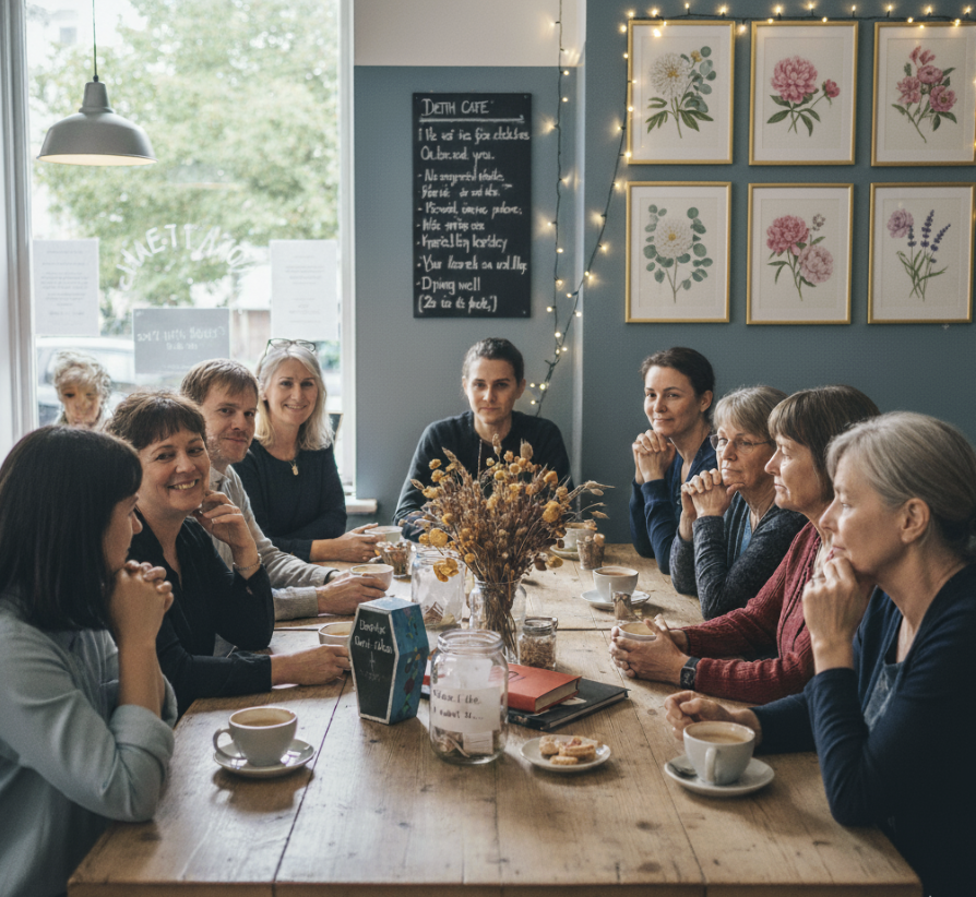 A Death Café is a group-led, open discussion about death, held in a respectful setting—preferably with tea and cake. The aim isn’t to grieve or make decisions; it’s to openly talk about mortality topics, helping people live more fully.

...

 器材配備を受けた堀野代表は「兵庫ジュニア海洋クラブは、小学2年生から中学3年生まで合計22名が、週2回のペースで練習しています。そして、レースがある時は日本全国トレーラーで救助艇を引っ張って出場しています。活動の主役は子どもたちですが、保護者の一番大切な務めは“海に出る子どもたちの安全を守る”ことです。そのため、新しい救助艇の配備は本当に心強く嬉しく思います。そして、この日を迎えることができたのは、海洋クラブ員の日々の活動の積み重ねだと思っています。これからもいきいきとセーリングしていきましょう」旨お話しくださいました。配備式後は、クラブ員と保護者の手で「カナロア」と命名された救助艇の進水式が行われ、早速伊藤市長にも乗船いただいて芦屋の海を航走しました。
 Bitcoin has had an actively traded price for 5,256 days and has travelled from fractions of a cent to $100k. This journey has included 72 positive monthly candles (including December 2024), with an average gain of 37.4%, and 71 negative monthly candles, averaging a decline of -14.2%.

==

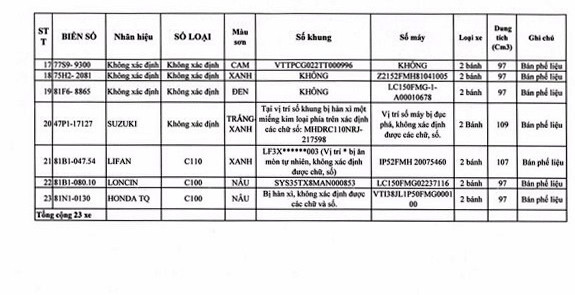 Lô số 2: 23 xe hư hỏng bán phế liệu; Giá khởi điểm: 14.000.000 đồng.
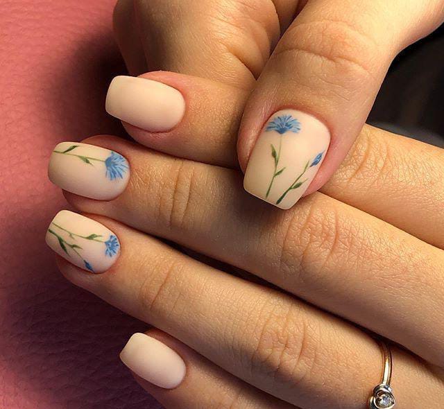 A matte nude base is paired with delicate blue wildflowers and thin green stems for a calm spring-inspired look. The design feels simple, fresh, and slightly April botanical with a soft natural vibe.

• _Task objective_: The entries above hold the needed span. Transcribe exactly the lines from the one with "器材配備を受けた堀野代表は「" to the one with "Bitcoin has had", both included.

• _Answer section_:
 器材配備を受けた堀野代表は「兵庫ジュニア海洋クラブは、小学2年生から中学3年生まで合計22名が、週2回のペースで練習しています。そして、レースがある時は日本全国トレーラーで救助艇を引っ張って出場しています。活動の主役は子どもたちですが、保護者の一番大切な務めは“海に出る子どもたちの安全を守る”ことです。そのため、新しい救助艇の配備は本当に心強く嬉しく思います。そして、この日を迎えることができたのは、海洋クラブ員の日々の活動の積み重ねだと思っています。これからもいきいきとセーリングしていきましょう」旨お話しくださいました。配備式後は、クラブ員と保護者の手で「カナロア」と命名された救助艇の進水式が行われ、早速伊藤市長にも乗船いただいて芦屋の海を航走しました。
 Bitcoin has had an actively traded price for 5,256 days and has travelled from fractions of a cent to $100k. This journey has included 72 positive monthly candles (including December 2024), with an average gain of 37.4%, and 71 negative monthly candles, averaging a decline of -14.2%.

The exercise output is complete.